The strong gold price sent RTZ 35p higher to 951p and Bakyrchik 45p to 490p. Mercury World Mining, the investment trust which is the favoured gold play of many institutions, rose 6.5p to 109p, a 12-month high.

Dixons gained 6p to 420p. Mees Pierson expects profits of pounds 136m for this year and pounds 166m next. Its target price is 500p.

Rolls-Royce flew 4.5p higher to 213p on the expectation of more engine orders and a proposed joint venture with Singapore Airlines. Textile group Dawson International dropped 14p to 97p following a profits warning.

The approaching music and rental split spun Thorn EMI 34p better to 1,707p.

National Grid eased to 203p as UBS placed 30 million shares at 201p. WH Smith, another busily traded, shaded to 414p as a pension fund sold.

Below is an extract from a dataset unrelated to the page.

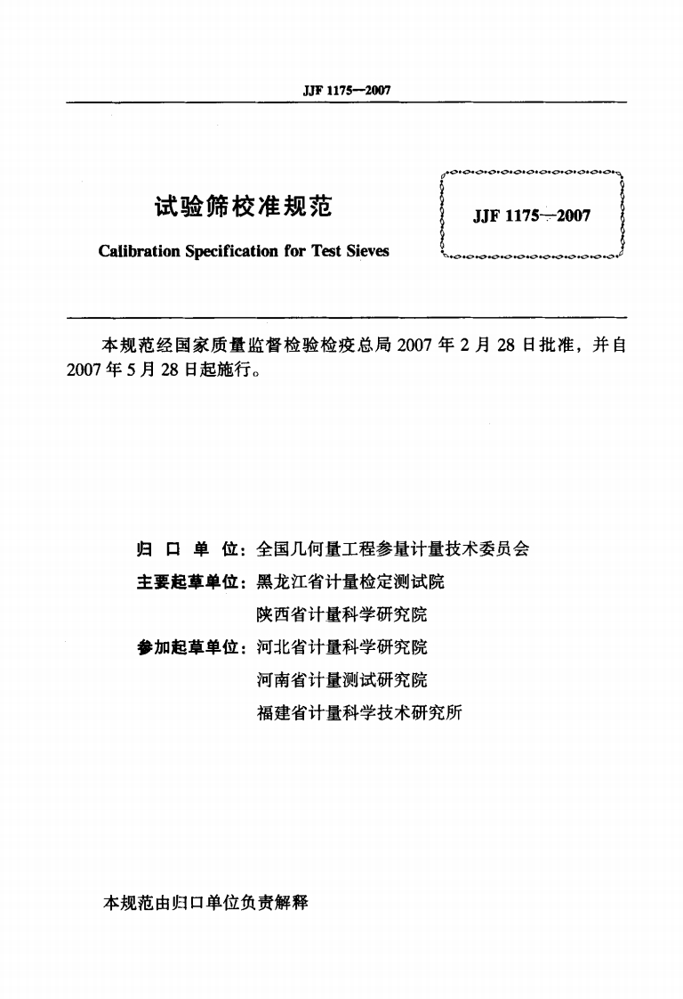 JJF1175-2007试验筛校准规范(1)348072@abc4个月前发布关注私信0.38MB19页027JJF1175-2007试验筛校准规范(1)此内容为付费资源,请付费后查看¥16¥23黄金会员免费钻石会员免费立即购买您当前未登录!建议登陆后购买,可保存购买订单付费资源 第1页 / 共19页 第2页 / 共19页 试读已结束,还剩17页,您可下载完整版后进行离线阅读 THE END标准规范 文本预览 可可月中华人民共和国国家计量技术规范JJF1175一2007试验筛校准规范Calibration Specification for Test Sieves2007-02-28发布2007-05-28实施国家质量监督检验检疫总局发布 查看更多 收起部分 喜欢就支持一下吧收藏

Bruntcliffe Aggregates held at 27p. Two former directors have lifted their stake.

TAKING STOCK

r Trafficmaster, providing live traffic information, is coming out of the red and should drive to profits of pounds 1m this year with pounds 5.7m likely next, believes Greig Middleton. It expects a 1.5p dividend followed by 3p. The shares are 309p.

r IES, the security systems group, rose 10p to 620p on the Ofex market. It is handing round a two-for-one share bonus and plans to move to the Alternative Investment Market at the end of this month. Nuclear Electric is the latest to link with IES - it is testing its fire detection system.

r Expect action soon at Kenmare Resources, the exploration group. The shares rose 1.25p to 27.5p as stories went the rounds it could soon be involved in corporate action.